Risk of introduction through land borders is the risk of emission from of bordering countries weighted by the length of the shared border. If an epi unit only has one bordering country with emission risk X, then the epi units risk of introduction is also X. If two bordering countries exist with emission risk Y ans Z, then the risk of introduction is a weighted average of Y and Z, with more importance given to the country with the longer border.

The analysis method starts with finding shared borders between epidemiological units and bordering countries, which requires an algorithm align borders.

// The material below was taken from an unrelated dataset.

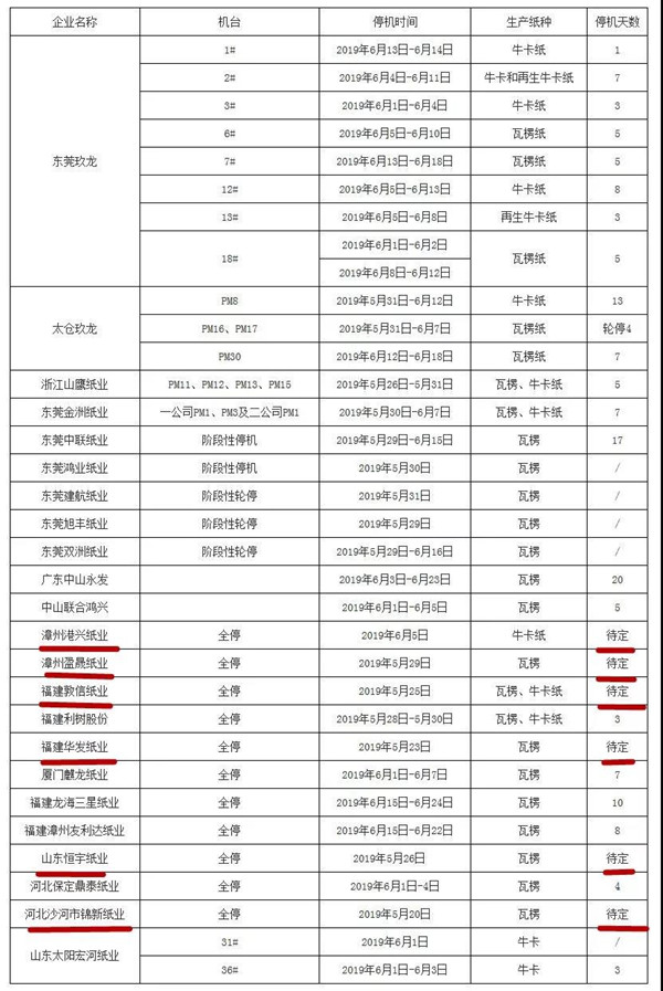 導(dǎo)語:6月,中小瓦楞紙企于下旬將紙價下調(diào)50-100元/噸。紙企停機穩(wěn)價未達預(yù)期。當(dāng)前已有部分紙企按原計劃恢復(fù)生產(chǎn),個別紙企5月開始所有機臺全部停機,至今開工時間仍待定。供應(yīng)承壓顯著、下游難覓利好,市場運行態(tài)勢或更加疲弱。 瓦楞紙價同比下滑30.94% 紙企停機穩(wěn)價未達預(yù)期 6月份瓦楞及箱板紙市場呈現(xiàn)弱勢下行走勢。 其中,華北、華南地區(qū)停機檢修,中小瓦楞紙企在嘗試多次拉漲無果之后因下游需求萎靡態(tài)勢不減,于下旬將出廠價格進行下調(diào)50-100元/噸。 據(jù)統(tǒng)計,截止到6月26日,全國瓦楞紙均價3320元/噸,環(huán)比上月底下滑1.86%,同比下滑30.94%;全國箱板紙均價4043元/噸,環(huán)比上月底持平,同比下滑25.95%。 以上數(shù)據(jù)表明國內(nèi)瓦楞及箱板紙企期望通過停機穩(wěn)價最終未達預(yù)期。 部分紙企所有機臺全部停機 5月停機至今開工時間仍然待定 當(dāng)前已有部分紙企按照原定計劃恢復(fù)生產(chǎn),個別紙企所有機臺全部停機,另有5月開始停機,至今開工時間仍然待定。

# Run function to get shared borders
shared_borders <- calc_border_lengths(
  epi_units = tunisia
)

# Get bordering countries to display on ggplot
# (This is internal to calc_border_lengths() function)
bordering_countries <- riskintrodata::neighbours_table |> filter(country_id == "TUN") |> 
  right_join(riskintrodata::world_sf, by = c("neighbour_id" = "iso3"))
            
ggplot() +
  geom_sf(data = bordering_countries, colour = "red", fill = "pink", alpha = 0.5, aes(geometry = geometry)) +
  geom_sf(data = tunisia, fill = "lightblue", colour = "blue", alpha = 0.5) +
  geom_sf(data = shared_borders, colour = "black") +
  geom_sf_label(data = shared_borders, aes(label = sprintf("%.fkm", border_length)), size = 1.5) +
  coord_sf(xlim = c(7, 12), ylim = c(30,38), expand = FALSE)
#> Warning in st_point_on_surface.sfc(sf::st_zm(x)): st_point_on_surface may not
#> give correct results for longitude/latitude data

The main purpose of the function is to correct misaligned borders, as can be seen in the overlaps and divergent borders. The epidemiological units data is used for the “true” border as geospatial data from different sources are rarely well aligned.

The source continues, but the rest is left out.